[GIVEN MATERIAL]
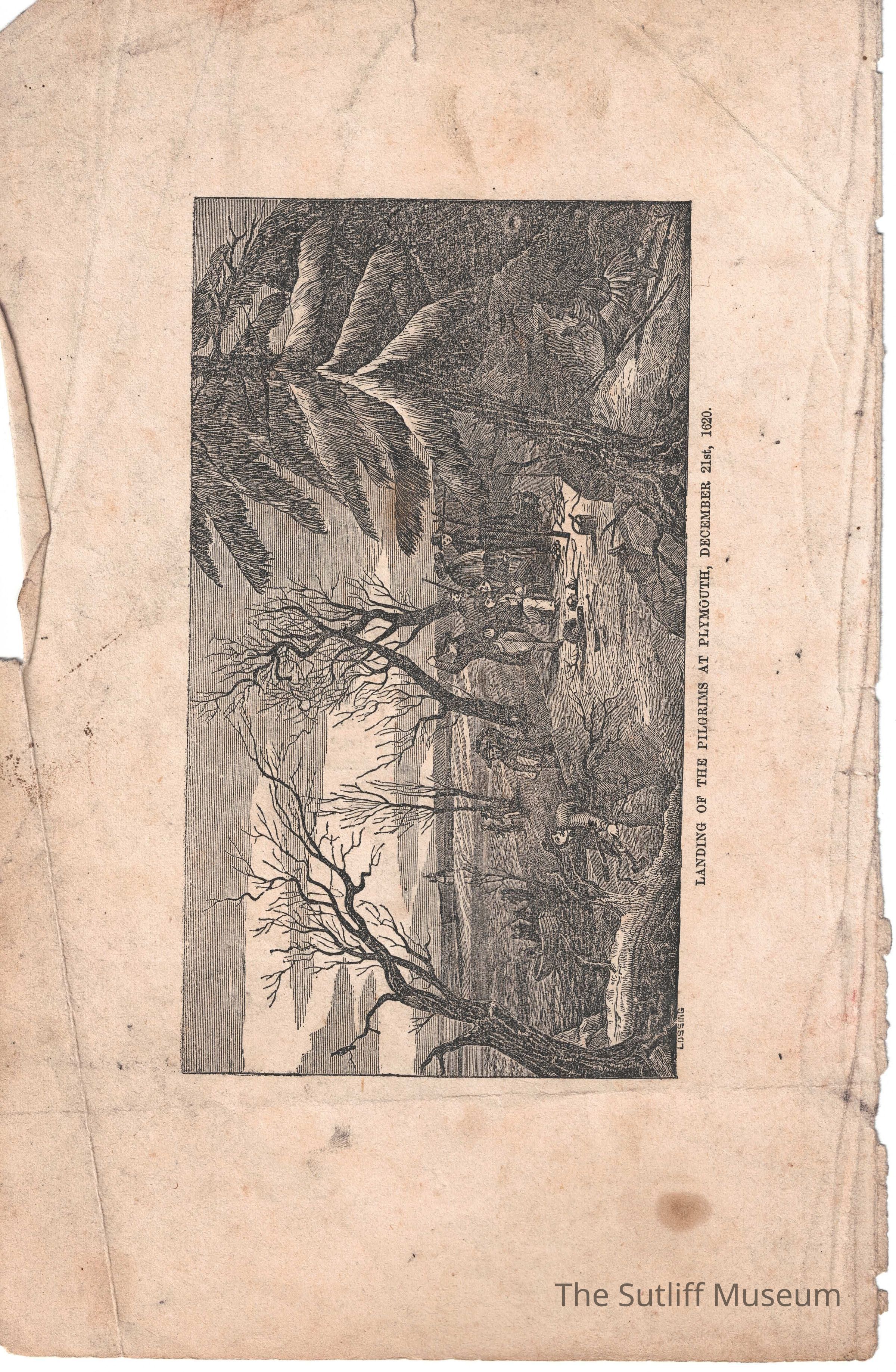 The title page of Book 2 of History of the United States. There is a small pencil drawing on the front of the page and an image titled "Landing of the Pilgrims at Plymouth" on the back. Undated.Collection
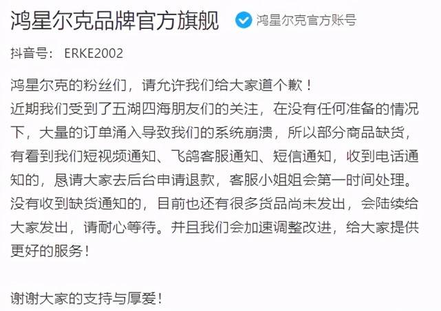 平時冷清的直播間突然爆火,銷售額很快就突破了1億。巔峰時期,鴻星爾克發布致歉聲明,因為大量訂單導致系統崩潰,生產速度跟不上發貨速度,請求消費者退款。
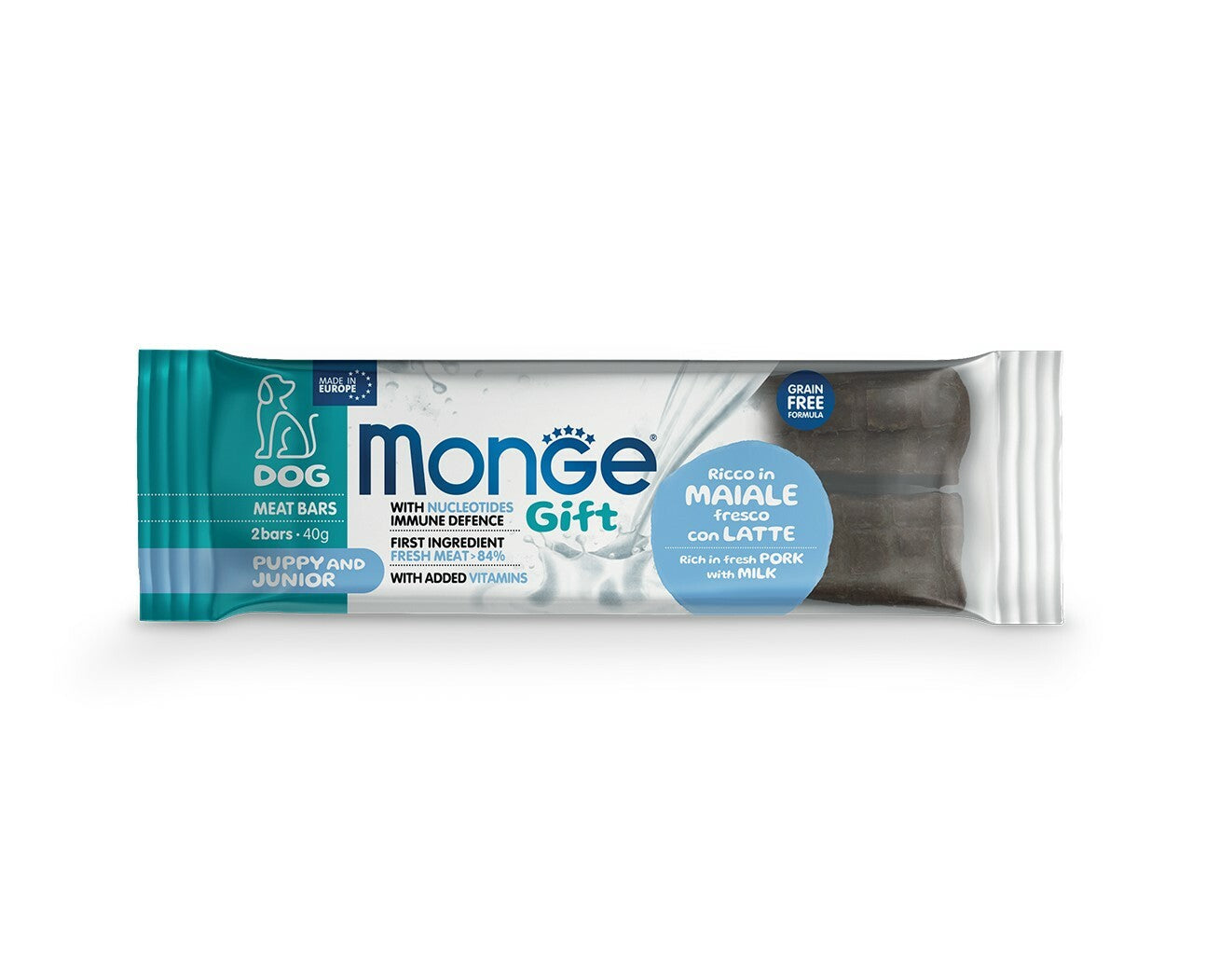 Monge Gift Puppy And Junior Dog Rich in Fresh Pork with Milk Meat Bars - MESNI BAR ZA ŠTENCE BOGAT SVEŽOM SVINJETINOM I MLEKOM, 40g

[WORK REQUIRED] No pictures belong in the copy. Return exactly the lines from the line containing "平時冷清的直播間突然爆火,銷" through the last line of the listing.

[EXPECTED ANSWER]
 平時冷清的直播間突然爆火,銷售額很快就突破了1億。巔峰時期,鴻星爾克發布致歉聲明,因為大量訂單導致系統崩潰,生產速度跟不上發貨速度,請求消費者退款。
 Monge Gift Puppy And Junior Dog Rich in Fresh Pork with Milk Meat Bars - MESNI BAR ZA ŠTENCE BOGAT SVEŽOM SVINJETINOM I MLEKOM, 40g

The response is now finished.